Paraquate. O agrotóxico é usado em cultivos como o
de algodão, cana-de-açúcar, milho, café e banana, desde
a década de 1960. No Brasil está proibido desde 2020
Produção mundial de paraquat será encerrada
A crescente expansão de defensivos agrícolas genéricos no mercado global tem levado empresas do setor a revisar portfólios e estratégias industriais, priorizando tecnologias mais recentes e moléculas com maior potencial de inovação e retorno econômico. Nesse contexto, a Syngenta anunciou que encerrará até o final de junho a produção mundial do herbicida à base de paraquat, decisão resultante de uma revisão estratégica de ativos diante da ampliação da concorrência de fabricantes de versões genéricas em diversos países. No Brasil, o ingrediente ativo já não integra o portfólio agrícola desde 2020, quando seu uso foi proibido pela autoridade regulatória. Como parte do processo de descontinuação, a companhia iniciou a interrupção das atividades na unidade industrial de Huddersfield, no Reino Unido, que abriga a única planta global dedicada à produção do paraquat, além do encerramento de uma instalação menor de produção multiprodutos no mesmo complexo. Segundo a empresa, o local passará por avaliação para futuros investimentos voltados ao desenvolvimento e fabricação de soluções agrícolas mais avançadas, alinhadas às novas demandas de sustentabilidade e eficiência agronômica. Desenvolvido há mais de seis décadas pela Imperial Chemical Industries, o paraquat tornou-se amplamente utilizado no controle químico de plantas daninhas em diferentes sistemas produtivos, especialmente por meio do herbicida comercializado sob a marca Gramoxone. Atualmente, porém, o produto permanece ativo em poucos mercados e representa menos de 1% das vendas globais da Syngenta, refletindo a transição do setor para novas tecnologias de proteção de cultivos e gestão de resistência de plantas daninhas.

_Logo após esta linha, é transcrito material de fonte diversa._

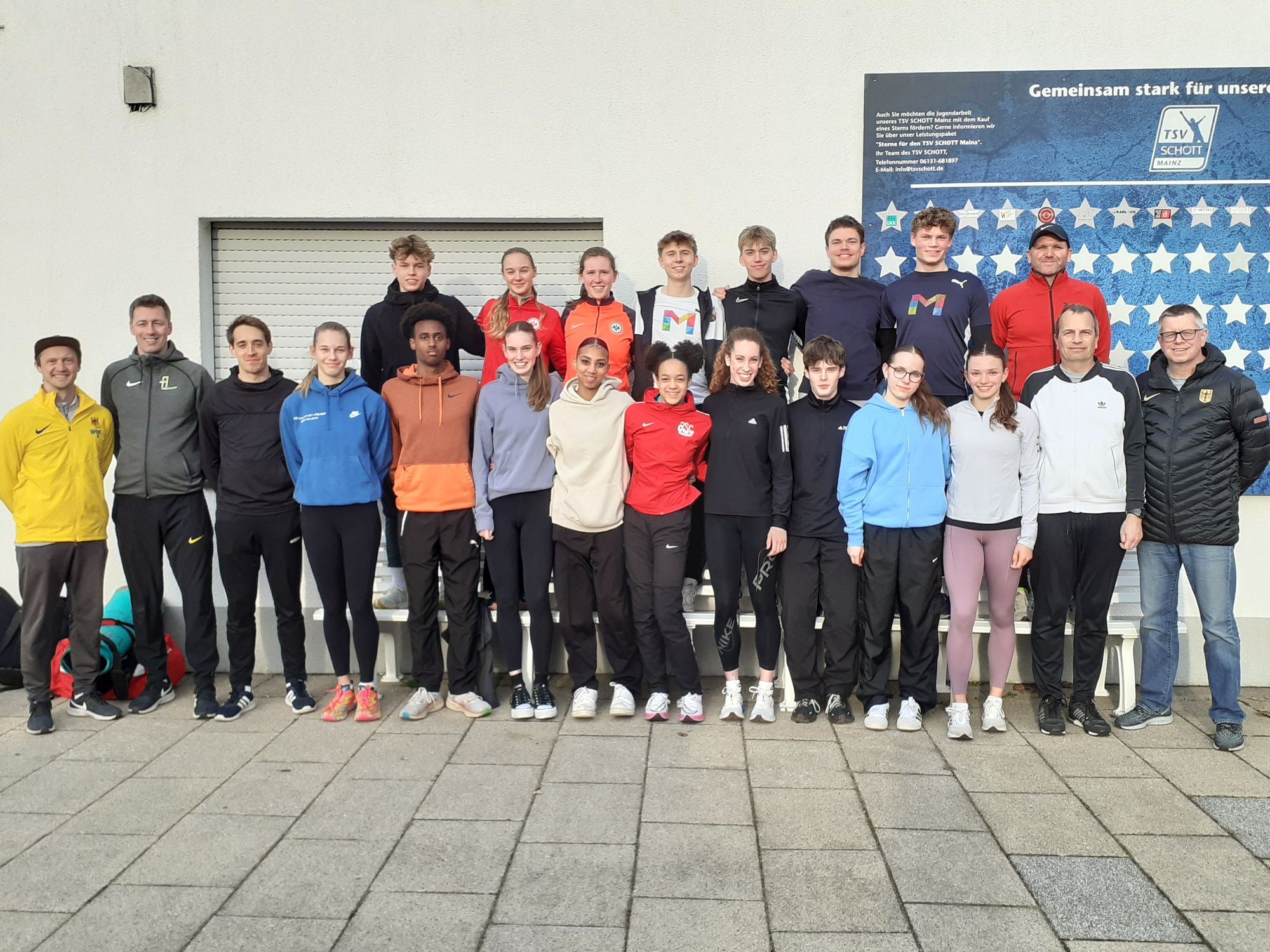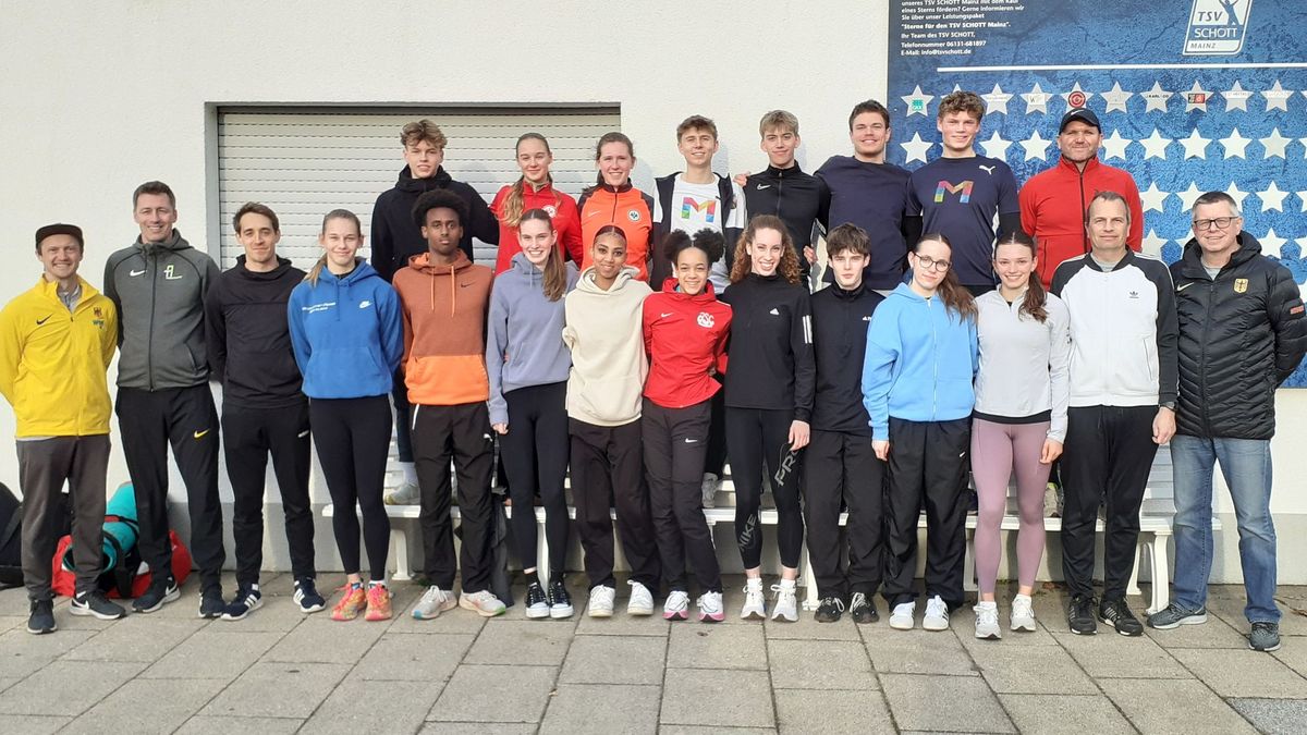 Am vergangenen Samstag, den 9. März, fand auf den Anlagen des TSV SCHOTT Mainz die gemeinsame NK-2-Regionalmaßnahme der Leichtathletik-Landesverbände Hessens, des Saarlandes sowie der drei rheinland-pfälzischen Verbände statt. Unter der Anleitung von Jürgen Bernhart (Bad Homburg, Landestrainer Sprint RLP), Marc Kowalinski (Trier, Bundestrainer Langstrecke) und Alexander Gakstädter (Zweibrücken, Bundestrainer Stabhochsprung und Landestrainer Sprung RLP) sowie der Gesamtleitung von Stefan Letzelter (Klein-Winternheim, Leitender Landestrainer RLP) absolvierten 17 Mitglieder des jüngsten Bundeskaders, darunter sieben aus Rheinland-Pfalz, acht aus Hessen (Tom Bingel, Josephina Engel, Louisa Grauel, Henning Judt, Hannah Lösel, Finja Ponndorf, Leticia Puknus, Heba Tidjani) und zwei aus dem Saarland bei sonnigem Wetter zwei gemeinsame Trainingseinheiten. Des Weiteren standen das Kennenlernen untereinander und der anwesenden Trainer, Teambuilding und Informationsaustausch im Fokus. Das Team für diese erstmals in Rheinland-Pfalz ausgetragenen Maßnahme ergänzte Physiotherapeut Nico Weimer, der ein Alternativtraining für die angeschlagenen Athleten anbot und bei Problemen immer ansprechbar war. Nach der ersten Trainingseinheit und dem Mittagessen leitete die ehemalige Stabhochspringerin und aktuelle DLV-Sportpsychologin Dr. Lisa Urban (geb. Rysih) einen Workshop, bevor es für die zweite Einheit zurück ins Stadion ging. Der DLV-Teammanager Nationalmannschaft Nachwuchs Adi Zaar, der die saarländischen Athleten begleitete, gab wertvolle Informationen zur Sommersaison sowie dem Qualifikationsmodus zur U18 EM in Banská Bystrica, für die meisten Teilnehmer das wichtigste Saisonziel. Die jungen Sportlerinnen und Sportler zeigten sich bei den Trainingseinheiten und dem Workshop sehr engagiert und gaben am Ende der Veranstaltung durchgängig ein positives Feedback. Allen, die zum Gelingen der Maßnahme beigetragen haben, sei auch an dieser Stelle noch einmal herzlich gedankt.
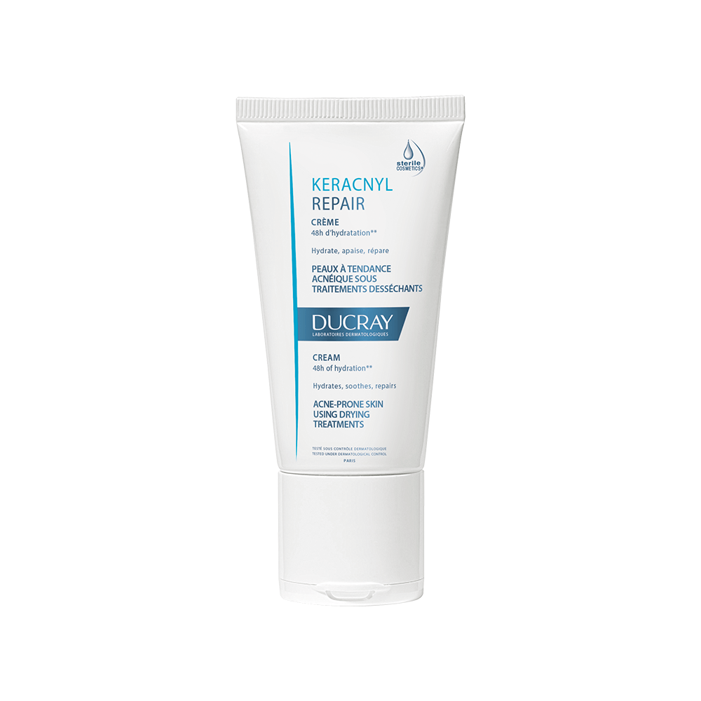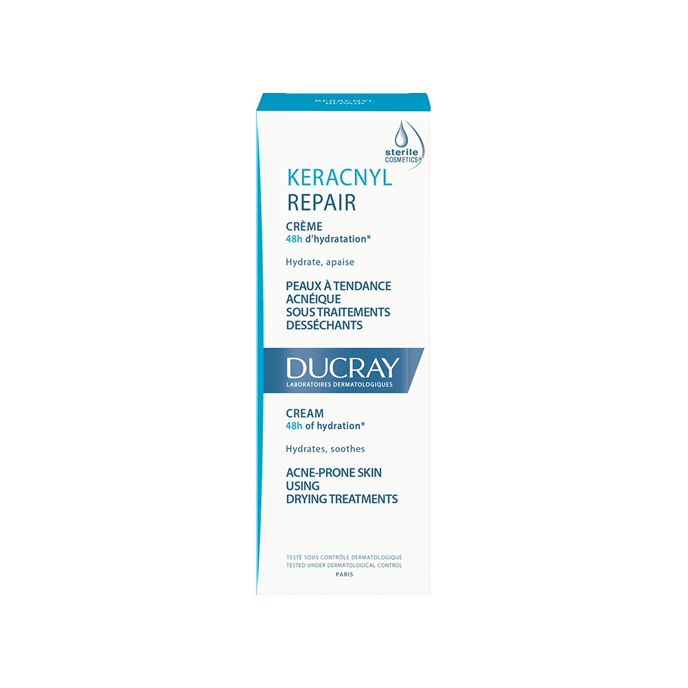 Rezultatai: oda jaučiasi daug komfortabiliau, sudrėkinta ir elastingesnė. Kliniškai įrodytas efektyvumas naudojant „Keracnyl Repair“ kremą kartu su vaistiniais medikamentais nuo aknės.

Acordo Mercosul-UE é aprovado pelo Senado
O Congresso Nacional concluiu a aprovação do acordo comercial entre o Mercosul e a União Europeia, encerrando um processo de negociação que se estendeu por mais de 25 anos e que resultará na formação de uma das maiores zonas de livre comércio do mundo. Após o aval da Câmara dos Deputados na semana anterior, o tratado recebeu aprovação unânime em votação simbólica no Senado Federal e segue agora para promulgação pelo Congresso e posterior processo de ratificação pelo Poder Executivo, etapa necessária para sua implementação. Durante a tramitação, a relatora no Senado, Tereza Cristina, destacou que a abertura comercial representa oportunidade estratégica para ampliar exportações do agronegócio brasileiro, mas ressaltou a importância da adoção de mecanismos de salvaguarda para proteger produtores nacionais diante da ampliação da concorrência internacional. Em resposta às negociações parlamentares, o governo federal publicou decreto com salvaguardas comerciais bilaterais, articuladas com o vice-presidente Geraldo Alckmin, também titular do Ministério do Desenvolvimento, Indústria, Comércio e Serviços. Na prática, esses instrumentos funcionam como mecanismos de defesa comercial, permitindo ao país elevar tarifas, restringir volumes importados ou suspender preferências tarifárias em situações de impacto relevante sobre a produção doméstica, oferecendo período de adaptação para setores produtivos sensíveis, especialmente no agronegócio. A aprovação do tratado marca um avanço estratégico na integração econômica entre América do Sul e Europa, com potencial para expandir fluxos comerciais, ampliar mercados para produtos agropecuários e fortalecer a competitividade internacional do agronegócio brasileiro.